Batrachedra helarcha

Scientific classification
- Kingdom: Animalia
- Phylum: Arthropoda
- Class: Insecta
- Order: Lepidoptera
- Family: Batrachedridae
- Genus: Batrachedra
- Species: B. helarcha
- Binomial name: Batrachedra helarcha Meyrick, 1897

= Batrachedra helarcha =

- Authority: Meyrick, 1897

Moth species in family Batrachedridae

Batrachedra helarcha is a species of moth of the family Batrachedridae. It is found in Australia.

==Original description==

Male, Female 8–12 mm. Head white, crown usually pale greyish-ochreous posteriorly. Palpi whitish, subbasal and subapical rings of second and terminal joints blackish, scale-projection very slight.
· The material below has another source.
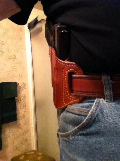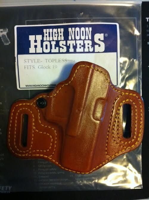 I just received this High Noon Pancake holster today ( http://www.highnoonholsters.com/cate...duty-holsters/ ). I ordered it only a week ago, but I paid extra to get it made and shipped quickly (normal lead time is 6-8 weeks). The holster was expensive, but worth every penny IMHO. The holster is beautifully made and fit my gun perfectly right out of the box. It is lined, and I ordered this one without the slide guard, as I never wear my gun directly next to the skin, so I don't need the slide-guard. I bought this holster based on another High Noon holster I had purchased for my SigPro 2022 (http://www.kahrtalk.com/showthread.p...The-Difference ). The Sig is a large gun and I wanted a OWB holster that would conceal it well. My Glock 19 is not quite as large as the Sig, but is a challenge to conceal well non-the-less. The High Noon Extreme Duty holsters are without question the best I have found for concealing a larger gun. Notice how high the gun rides relative to the belt, and how tight to the body it rides. When worn under a regular polo or button shirt, there is virtually no printing because of the high,tight ride and the aggressive forward cant. I am not exaggerating when I say that with this holster my Glock conceals as well as my Shield, which is a much smaller gun. I am extremely happy with this purchase!
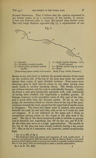 | Keywords: The Quarterly journal of the Geological Society of London (12893440423).jpg Vol 53- <br> THE SUMMIT OF THE ET7RKA PASS <br> 17 <br> Jurassic limestones Thus I believe that the opinion expressed in <br> my former paper as to a recurrence of the marble is correct <br> I was not however able to trace this second mass farther west <br> The very rough diagram appended fig 1 a reproduction of one <br> 1 Jurassic <br> 2 Probably crushed marble <br> 3 Small patch probably crushed <br> marble <br> Quite typical Jurassic 12 to <br> 15 feet exposed <br> Marble end of crag by road <br> Road <br> Intervening spaces mostly turf-covered Bock if any visible Jurassic <br> -drawn in my note-book to indicate the general relation of the rocks <br> on the western side of the top of the pass may make the matter <br> clearer than copies of more detailed sections Next comes more <br> limestone grey or dark blue in colour in one place having some <br> sandy bands in another becoming clayey The details however <br> are without interest and the rock is undoubtedly Jurassic Lastly <br> we found a pale-grey porphyritic gneissoid rock with indications <br> of having been crushed ; not improbably a modified granite It <br> belongs however to the crystalline series of this part of the Alps <br> and is much older than the Jurassic period So far as one can <br> judge the succession which we observe close to the top of the pass 1 <br> continues towards the west except that the upper bed of marble seems <br> to disappear The lower and larger mass is masked after passing <br> beneath the road by turf and talus and so far as I could see does <br> not reappear It is not indicated on the maps and I think no <br> conspicuous outcrop occurs on the slopes of the glen west of the <br> pass 2 The dip of the above-mentioned rocks is variable in amount <br> and in direction but something like 45° for the one and W N W <br> for the other may serve as a rough approximation The marble at <br> the top of the pass was more steeply inclined having a dip nearer <br> 70° ; this so far as I remember was however rather exceptionally <br> high <br> 1 Op cit p 295 cf fig 3 <br> 2 The slopes are steep and grassy and exposures of rock mostly small I <br> found at one place about 1400 feet above the Ehone Glacier Hotel a very small <br> outcrop which might possibly represent the marble in a greatly crushed condition <br> But in this part I have not attempted to make a minute examination <br> Q J G S No 209 c 36028722 111130 51125 Page 17 Text 53 http //www biodiversitylibrary org/page/36028722 1897 Geological Society of London Biodiversity Heritage Library The Quarterly journal of the Geological Society of London v 53 1897 Geology Periodicals Smithsonian Libraries bhl page 36028722 dc identifier http //biodiversitylibrary org/page/36028722 smithsonian libraries Information field Flickr posted date ISOdate 2014-03-03 Check categories 2015 August 26 CC-BY-2 0 BioDivLibrary https //flickr com/photos/61021753 N02/12893440423 2015-08-26 17 52 50 cc-by-2 0 PD-old-70-1923 The Quarterly journal of the Geological Society of London 1897 Photos uploaded from Flickr by Fæ using a script |

Antennae whitish, obscurely ringed and sometimes suffused with fuscous. Thorax and abdomen white, sprinkled with pale grey. Legs whitish, ringed with pale fuscous. Forewings pale greyish-ochreous, sprinkled with fuscous; veins more or less obscurely and variably streaked with whitish and sprinkled with black; first and second discal stigmata linear, black; a black apical dot; cilia on costa ochreous-whitish, at apex fuscous, beneath whitish-fuscous. Hindwings grey; cilia whitish-fuscous. Brisbane, Queensland; Sydney, New South Wales; Deloraine and Georges Bay, Tasmania; from September to January, amongst Juncus in swampy places, fourteen specimens.